All TCU. All the time.

TCU 360

Effect of plus/minus on GPAs still unknown

The full effect of the plus/minus grading system on students’ GPAs remains unknown a year after its implementation, university officials said.

Nowell Donovan, provost and vice chancellor for academic affairs, said the number of teachers who use the plus/minus system is unknown. He said the system was originally implemented by faculty to create a grading system that was more fair. He said he expects most professors will move to the plus/minus system within two or three years.

Donovan said higher quality universities tend to have a plus/minus system.

“We will revisit the whole issue to see if it is working,” Donovan said. “But we will probably want to wait two or three years to get a cohort of students through.”

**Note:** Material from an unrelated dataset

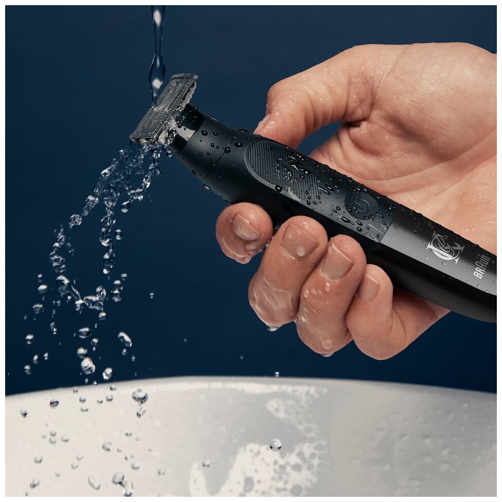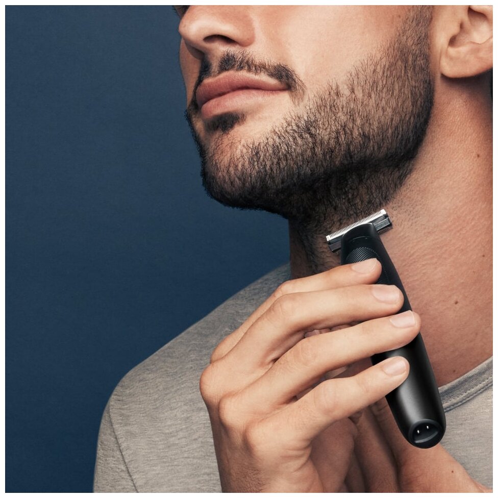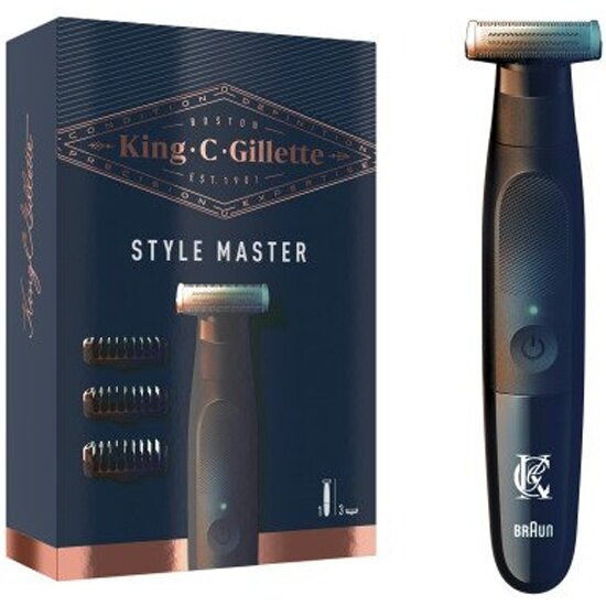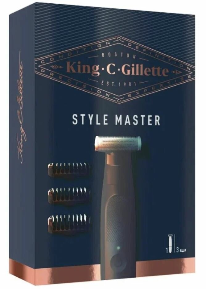 Мужской беспроводной триммер для щетины для точного стайлинга King C. Gillette Style Master с 4D-лезвием. Триммер Для Точного Стайлинга King C. Gillette Style Master — это универсальный инструмент для бритья, создания контуров, подравнивания бороды и поддержания щетины. Этот беспроводной триммер оснащен 4D-лезвием для легкого, быстрого и комфортного бритья. 3 сменных насадки-гребня триммера для точного стайлинга Style Master (1мм, 3мм или 5мм) позволяют подрезать волоски в обоих направлениях: как вверх, так и вниз. Триммер оснащен сменным цельнометаллическим лезвием со сроком службы до 6 месяцев, плавающей головкой для адаптации к контурам лица в труднодоступных местах и тонкой, прорезиненной на 360˚ ручкой для обеспечения максимальной точности. Триммер полностью водонепроницаем и работает 45 минут без подзарядки для удобного использования в душе.- Универсальный многофункциональный триммер для щетины с 4D-лезвием для бритья, создания контуров и стрижки в 4-х направлениях- Три сменных насадки-гребня позволяют подрезать волоски в обоих направлениях: как вверх, так и вниз- Долговечные сменные лезвия, которые остаются острыми до 6 месяцев бритья- Плавающая головка, адаптирующаяся к контурам лица- Перерабатываемая упаковка
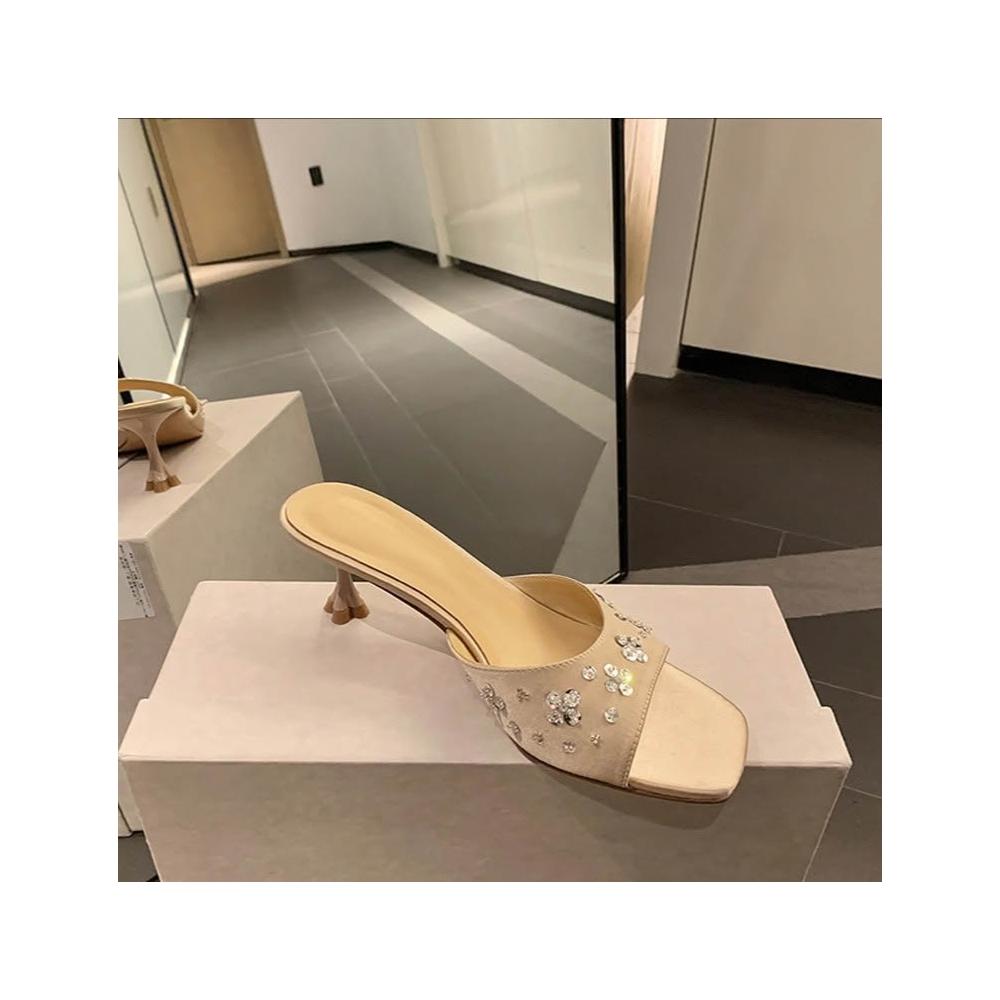 免運 免稅 現貨秒發!韓版百搭方頭花瓣水鉆珠片綢緞小貓跟涼鞋拖鞋女外穿夏

With the plus/minus system, two students in the same class with the same grade of 81, for example, may receive different credit toward their GPA. A senior will receive a B and more grade points, while a freshman will receive a B-minus and less grade points.

Students who entered TCU in fall 2007 or later are subject to the plus/minus system.

The decision of whether to use the plus/minus system is up to each professor, said Ralph Carter, a professor and chair of the political science department.

“It is still up to the individual classroom instructor to determine what is a B-minus and what is a C-plus in his or her own class,” Carter said.”The power to evaluate student performance still lies with the faculty.”

However, Patrick Miller, registrar and director of enrollment management of the Registrar’s Office, said he does not think the plus/minus system will ever be adopted by every professor at the university. Miller said he can’t imagine there will be much change in students’ overall GPAs.

Miller said no studies at the university have been conducted to determine the full effect of the plus/minus grading system.

Many students have adjusted to the new grading scale but not every professor has converted to the plus/minus system, said Thomas Pressly, Student Government Association president. He said SGA has not received many student complaints about the plus/minus system.

“Professors have the opportunity to pick if they want to use it,” Pressly said. ” I think that is the hard part, from my view, on it and from a lot of students I have talked to.”

Meredith McDonough, a freshman nursing major, said the plus/minus system gives a more substantial grade than the other system.

“It doesn’t really matter to me,” McDonough said. “It is kind of nice in a way because it quantifies your grade a little more than just a generic letter.”